Saved entries

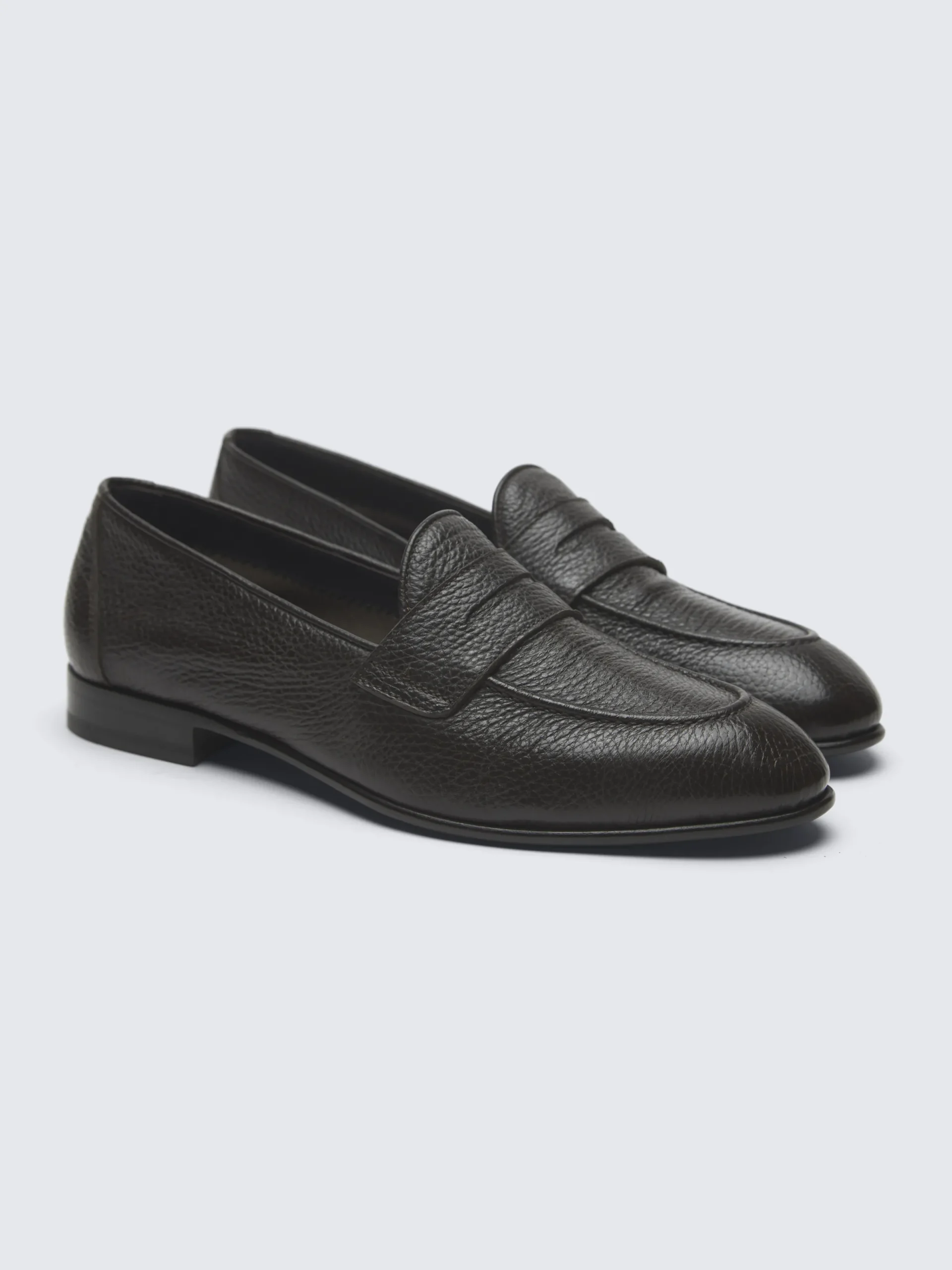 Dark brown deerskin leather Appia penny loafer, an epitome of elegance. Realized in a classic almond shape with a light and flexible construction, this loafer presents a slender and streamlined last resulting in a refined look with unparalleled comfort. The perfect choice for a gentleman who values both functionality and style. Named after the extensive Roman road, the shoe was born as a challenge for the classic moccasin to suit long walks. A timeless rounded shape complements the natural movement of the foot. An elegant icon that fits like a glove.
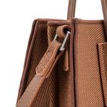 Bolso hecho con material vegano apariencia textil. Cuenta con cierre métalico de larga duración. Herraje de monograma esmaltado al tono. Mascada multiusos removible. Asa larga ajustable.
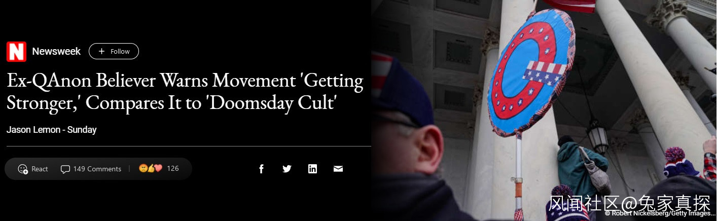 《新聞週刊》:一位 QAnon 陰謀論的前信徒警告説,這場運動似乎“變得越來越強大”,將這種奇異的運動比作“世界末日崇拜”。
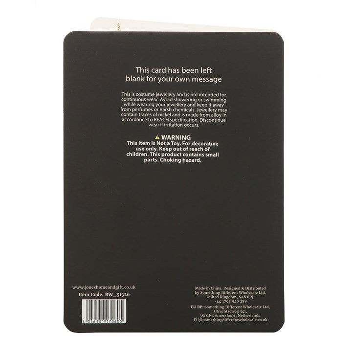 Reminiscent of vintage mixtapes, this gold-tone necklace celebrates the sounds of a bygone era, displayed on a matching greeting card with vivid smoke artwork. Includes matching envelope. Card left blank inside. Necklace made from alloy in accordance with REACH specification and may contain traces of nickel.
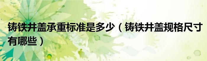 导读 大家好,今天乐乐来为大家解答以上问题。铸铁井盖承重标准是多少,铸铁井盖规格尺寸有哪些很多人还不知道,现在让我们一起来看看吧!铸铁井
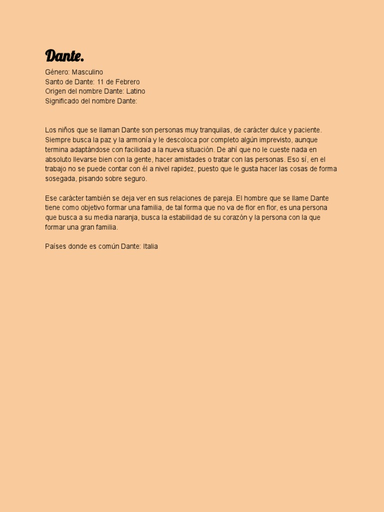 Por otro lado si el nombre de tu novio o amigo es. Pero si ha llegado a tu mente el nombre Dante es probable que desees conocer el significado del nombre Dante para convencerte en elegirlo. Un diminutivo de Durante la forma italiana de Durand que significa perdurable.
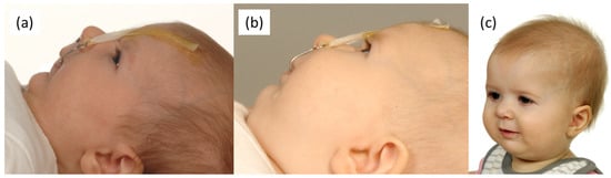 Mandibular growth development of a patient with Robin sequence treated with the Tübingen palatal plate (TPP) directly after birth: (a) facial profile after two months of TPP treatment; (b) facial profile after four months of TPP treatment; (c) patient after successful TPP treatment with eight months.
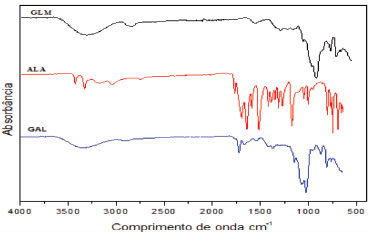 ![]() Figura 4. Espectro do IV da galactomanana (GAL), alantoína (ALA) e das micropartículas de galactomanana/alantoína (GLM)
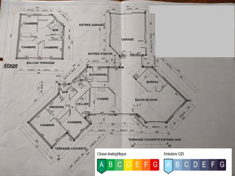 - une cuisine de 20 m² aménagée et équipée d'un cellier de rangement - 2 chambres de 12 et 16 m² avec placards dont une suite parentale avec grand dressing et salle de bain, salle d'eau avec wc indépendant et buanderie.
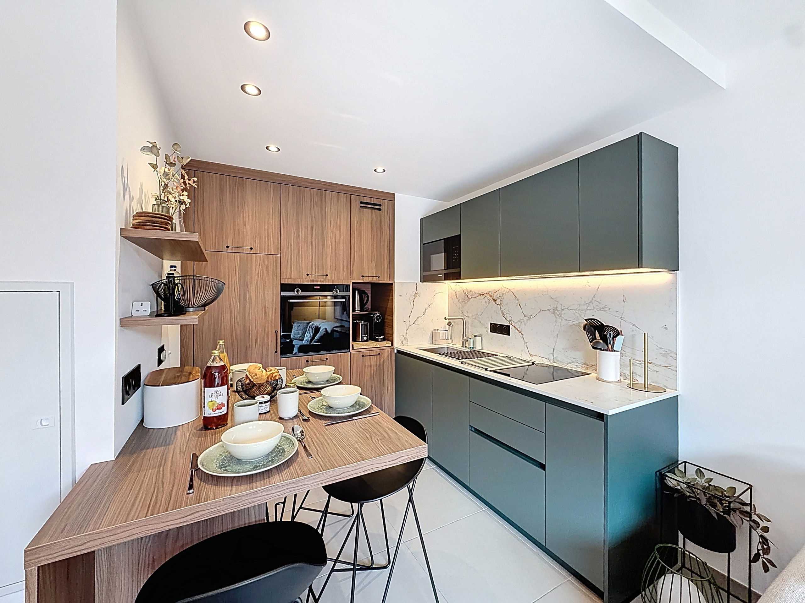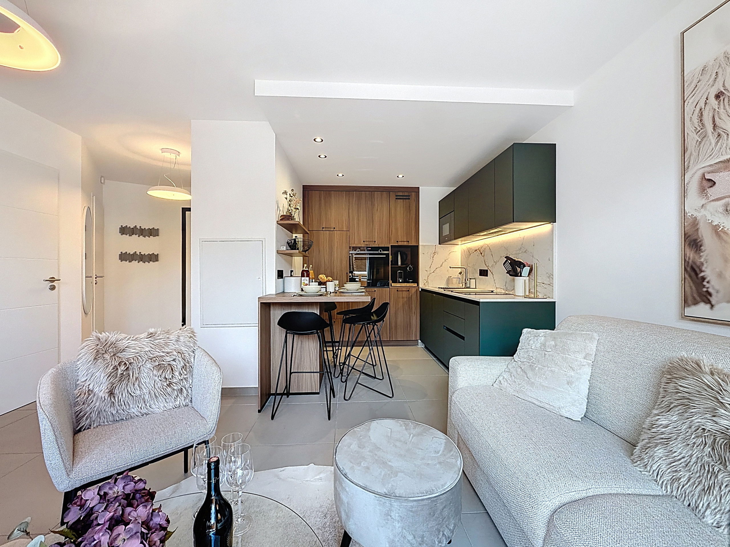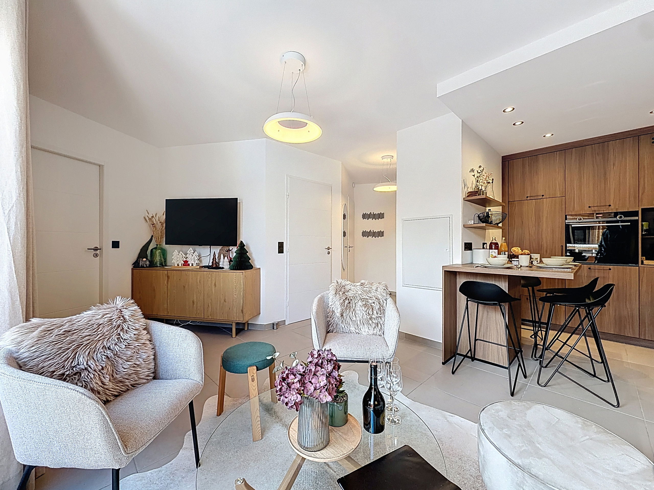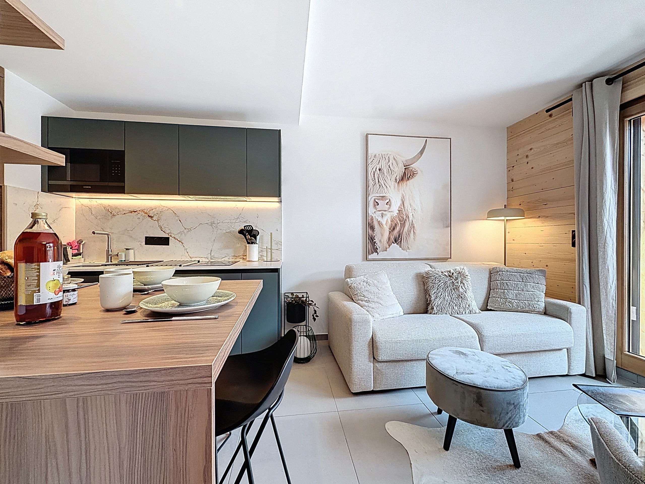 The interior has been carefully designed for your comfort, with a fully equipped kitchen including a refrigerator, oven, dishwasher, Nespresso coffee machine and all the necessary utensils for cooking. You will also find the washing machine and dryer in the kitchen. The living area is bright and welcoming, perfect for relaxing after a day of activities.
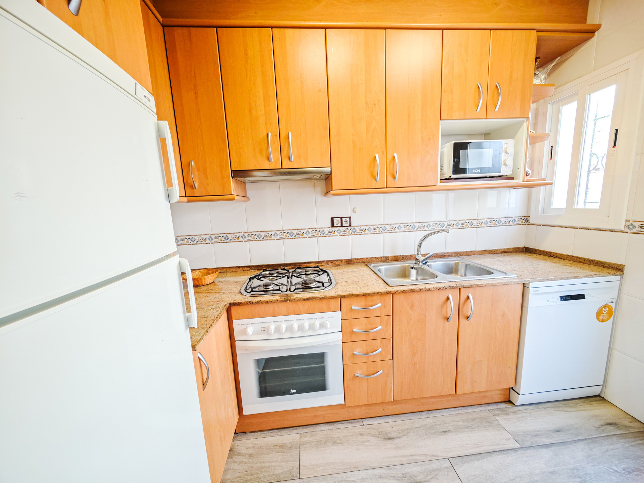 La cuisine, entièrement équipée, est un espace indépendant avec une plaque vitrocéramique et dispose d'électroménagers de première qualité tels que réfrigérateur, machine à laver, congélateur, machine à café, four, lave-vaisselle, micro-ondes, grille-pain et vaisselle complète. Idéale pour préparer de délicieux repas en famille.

▶ _TASK STATEMENT_: Range to copy from the records above: the line containing "de galactomanana/alantoína (GLM)" to the line containing "- une cuisine", both included. Output those lines exactly and only those, skipping pictures.

▶ _OUTPUT BELOW_:
 ![]() Figura 4. Espectro do IV da galactomanana (GAL), alantoína (ALA) e das micropartículas de galactomanana/alantoína (GLM)
 - une cuisine de 20 m² aménagée et équipée d'un cellier de rangement - 2 chambres de 12 et 16 m² avec placards dont une suite parentale avec grand dressing et salle de bain, salle d'eau avec wc indépendant et buanderie.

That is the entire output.